» Your assignment: Any picture in the material should be left out, while all other lines are copied exactly.

» Data segment:
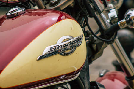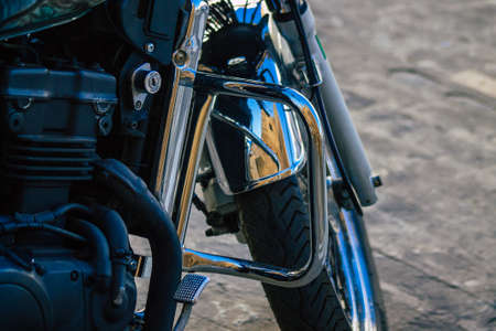 Limassol Cyprus June 01, 2020 Closeup of a motorcycle parked in the streets of Limassol in Cyprus island
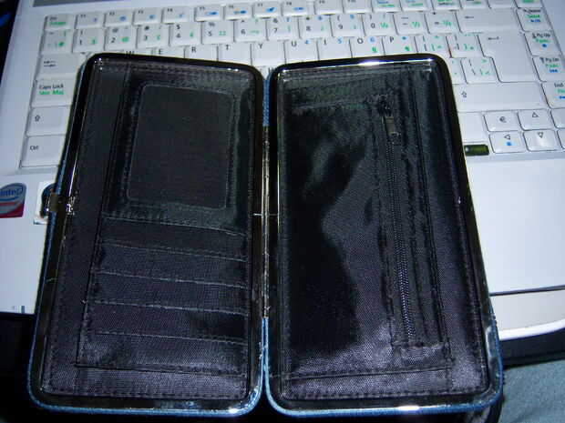 Se trataba de una billetera delgada bisagra. Niñas, ves EM en todo el mundo. De tiendas de dólar, tiendas de grandes marcas/glam. Vienen en diferentes modelos, pero del mismo tamaño general.
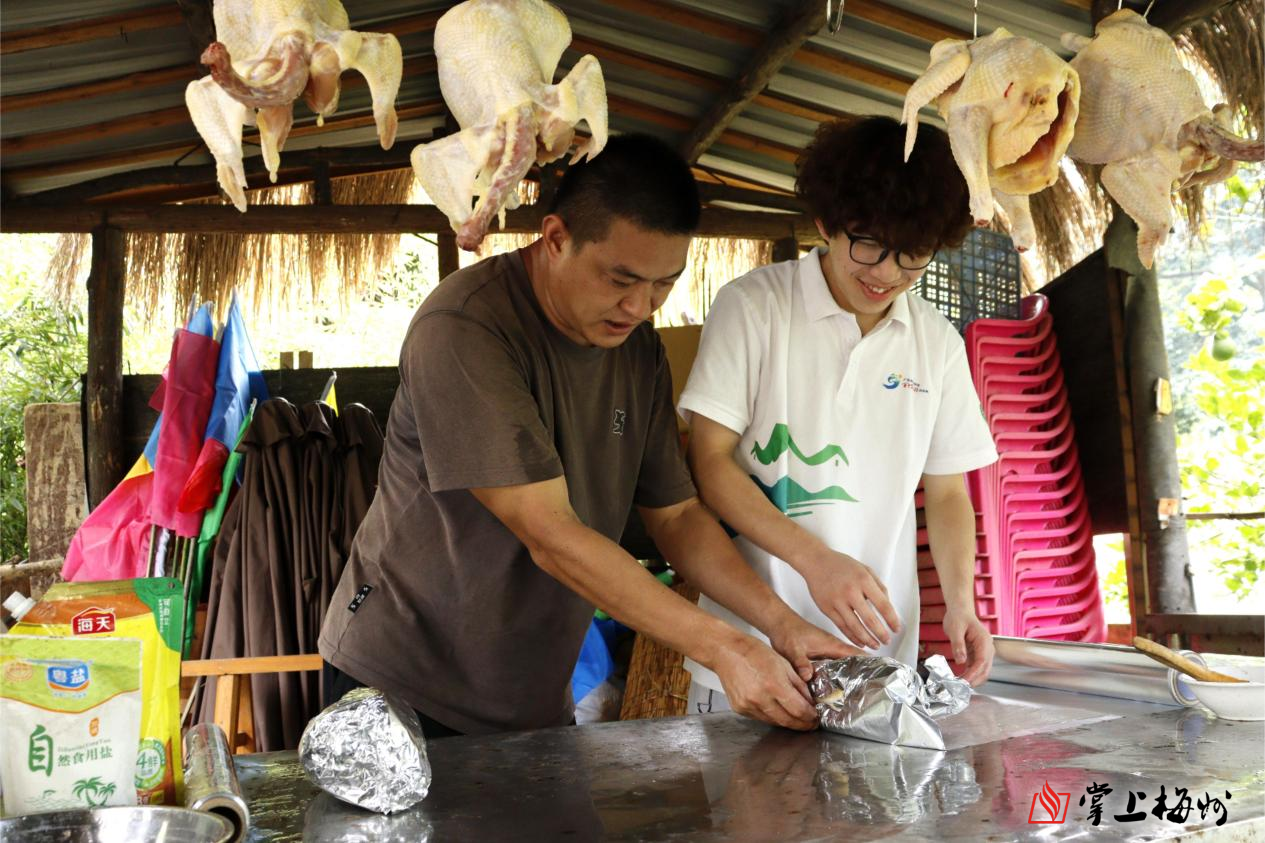 铭记历史是为了更好地开创未来。实践队聚焦水美村特色产业,深入田间地头与生产一线调研。观察蜂农割取金黄原蜜,体验柴火窑鸡的香气四溢,记录“红军酒”酿造技法,探访生态茶园与百香果基地,了解新农人的尝试与期盼。在与水美村党支部书记罗苑华的交流中,罗书记肯定了红色产业对村里经济发展和红色精神传承的带动作用,但他也直指关键短板:“目前主要的缺点是,农户对产品的包装意识不强。”针对这一痛点,实践队发挥专业所长,为蜂蜜、窑鸡、“红军酒”等水美村特色农产品设计了一系列融合地方文化元素的包装并拍摄制作了宣传短片,助力产业知名度提升、销售增长与升级发展。

» Answer box:
 Limassol Cyprus June 01, 2020 Closeup of a motorcycle parked in the streets of Limassol in Cyprus island
 Se trataba de una billetera delgada bisagra. Niñas, ves EM en todo el mundo. De tiendas de dólar, tiendas de grandes marcas/glam. Vienen en diferentes modelos, pero del mismo tamaño general.
 铭记历史是为了更好地开创未来。实践队聚焦水美村特色产业,深入田间地头与生产一线调研。观察蜂农割取金黄原蜜,体验柴火窑鸡的香气四溢,记录“红军酒”酿造技法,探访生态茶园与百香果基地,了解新农人的尝试与期盼。在与水美村党支部书记罗苑华的交流中,罗书记肯定了红色产业对村里经济发展和红色精神传承的带动作用,但他也直指关键短板:“目前主要的缺点是,农户对产品的包装意识不强。”针对这一痛点,实践队发挥专业所长,为蜂蜜、窑鸡、“红军酒”等水美村特色农产品设计了一系列融合地方文化元素的包装并拍摄制作了宣传短片,助力产业知名度提升、销售增长与升级发展。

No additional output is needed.